Санек, он же Александр Дьяков, сразу после ухода от
Карташова отправился в школу, обыкновенную среднюю школу, которая в вечернее
время сдавала свой спортзал в аренду клубу «Варяг». Что он делал в школе,
установить не удалось, но минут через двадцать после его ухода из школы вышел
еще один человек, личность которого, хоть и не сразу, но установили. Это некий
дядя Коля, он же Николай Фистин, руководитель «Варяга», в прошлом дважды
судимый за хулиганство и нанесение телесных повреждений. Поскольку до самого
утра из школы больше никто не выходил, можно с уверенностью полагать, что Санек
ходил на встречу именно с дядей Колей. Дядю Колю тоже проводили до дому.
С человеком, проверявшим Настю в поликлинике, дело обстояло
не так просто. Он, по-видимому, был опытен и осторожен, потому что легко и
непринужденно ушел от наблюдения, предварительно не проверяясь. Это означало,
что подобным образом он действует всегда независимо от того, подозревает ли за
собой слежку. Так что Гордеев и Настя располагали пока только описанием
довольно необычных взаимоотношений этого человека с телефонами-автоматами.
Ночью Виктор Алексеевич получил из Центрального адресного
бюро список всех проживающих в Москве Никифорчуков и Градовых…
– Никифорчуков меньше, я их возьму себе, – сказал
полковник. – А то я уже старенький, мне перенапрягаться вредно. Бери себе
Градовых, и начнем отсев.
Он протянул Насте пачку распечатанных с компьютера листов.
– Исходим из того, что год рождения сына Попова – не
позже пятидесятого, коль он в семидесятом уже армию отслужил и учился в
институте, но и не раньше сорок пятого, потому что Попов появился в Москве уже
после войны, до войны он жил в Смоленске. История с внебрачным сыном –
московского розлива, я узнавал. Дружок его по идее должен быть тех же лет,
плюс-минус три года. Ему в семидесятом должно было быть не меньше восемнадцати,
стало быть, год рождения – не позже пятьдесят второго.

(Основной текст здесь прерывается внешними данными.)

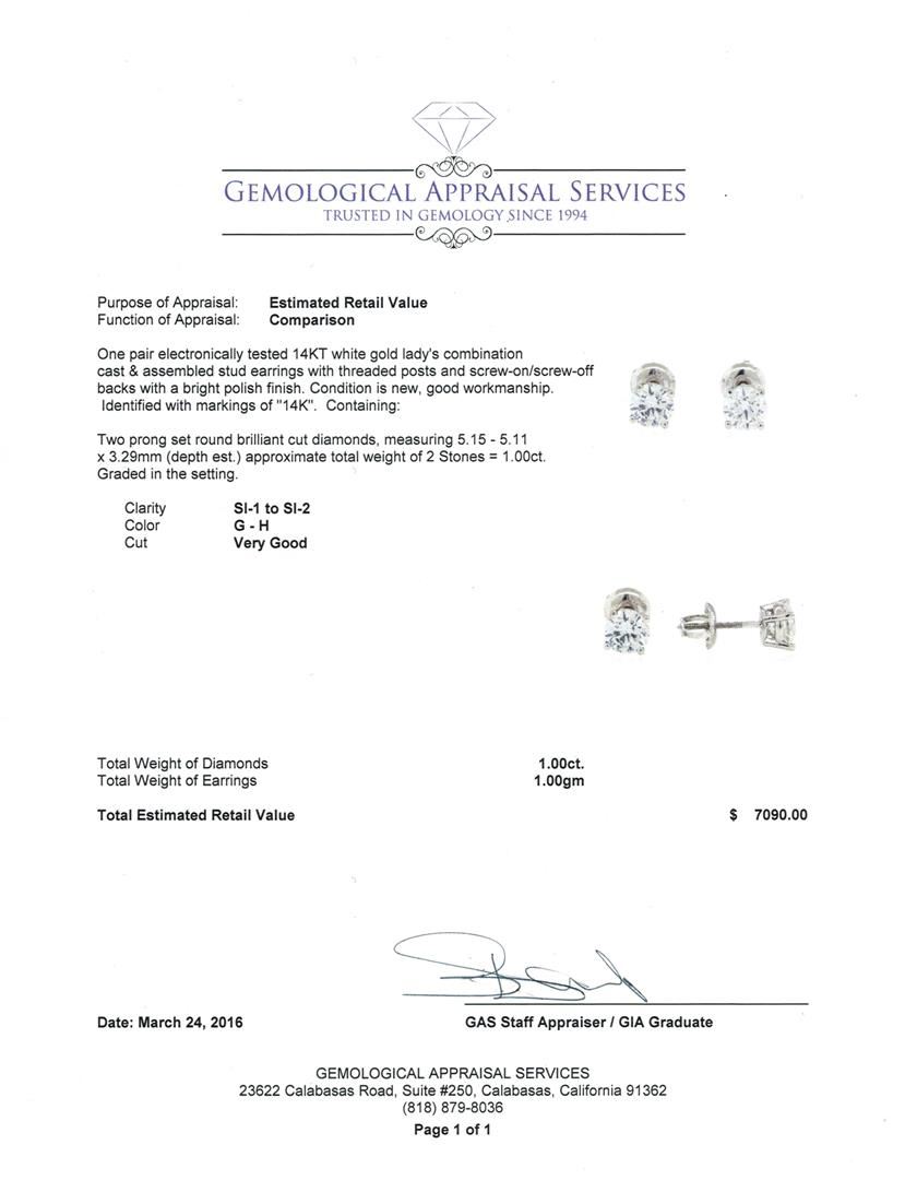 One pair electronically tested 14KT white gold lady's combination cast & assembled stud earrings with threaded posts and screw-on/screw-off backs with a bright polish finish. Identified with markings of "14K". Condition is new, good workmanship. Containing: Two prong set round brilliant cut diamonds, measuring 5.15 - 5.11 x 3.29mm (depth est.) approximate total weight of 2 Stones = 1.00ct. Graded in the setting. Clarity: SI-1 to SI-2. Color: G - H. Cut Very Good. Total Weight of Diamonds 1.00ct. Total Weight of Earrings 1.00gm. GAS Appraised at $7,090.00.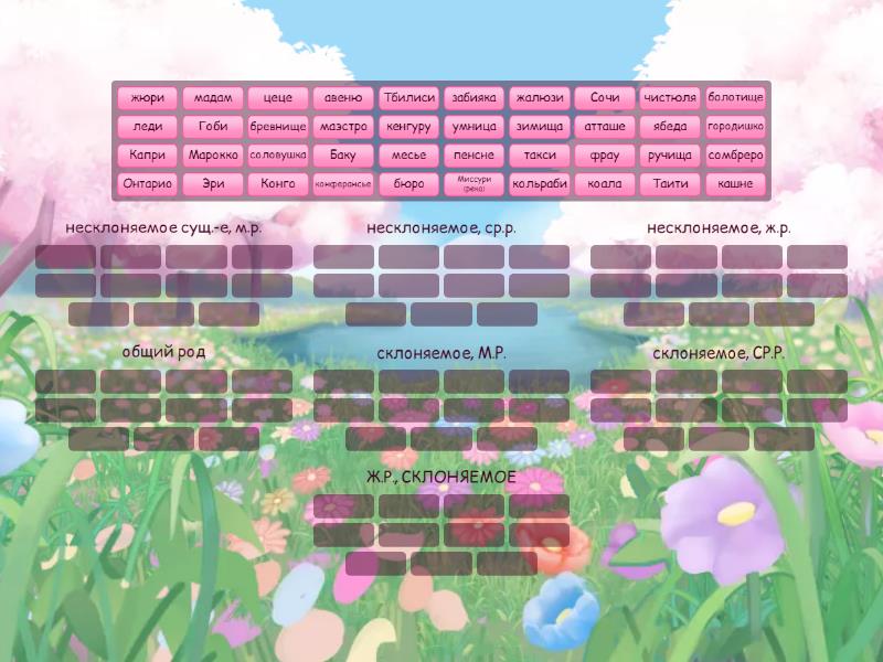 несклоняемое сущ.-е, м.р.: атташе, кенгуру, маэстро, месье, конферансье, коала, Сочи, Тбилиси, Баку, Таити, Капри, несклоняемое, ср.р.: бюро, такси, кашне, жюри, жалюзи, сомбреро, пенсне, Онтарио, Эри, несклоняемое, ж.р.: леди, кольраби, авеню, фрау, мадам, цеце, Миссури (река), Гоби, Конго, Марокко, общий род: ябеда, чистюля, умница, забияка, склоняемое, М.Р. : городишко, соловушка, склоняемое, СР.Р.: болотище, бревнище, Ж.Р., СКЛОНЯЕМОЕ: ручища, зимища,

Настя забрала списки и ушла к себе. Разложив на письменном
столе горы статистической отчетности и аналитических материалов, она выдвинула
центральный ящик и положила туда сотни Градовых. Ей хотелось по обыкновению
запереть дверь и поработать спокойно, но она понимала, что сегодня этого делать
нельзя. Пусть все, кому интересно, заходят и видят, что она готовит для
Гордеева очередной ежемесячный аналитический отчет об убийствах, совершаемых на
территории города, и об их раскрываемости.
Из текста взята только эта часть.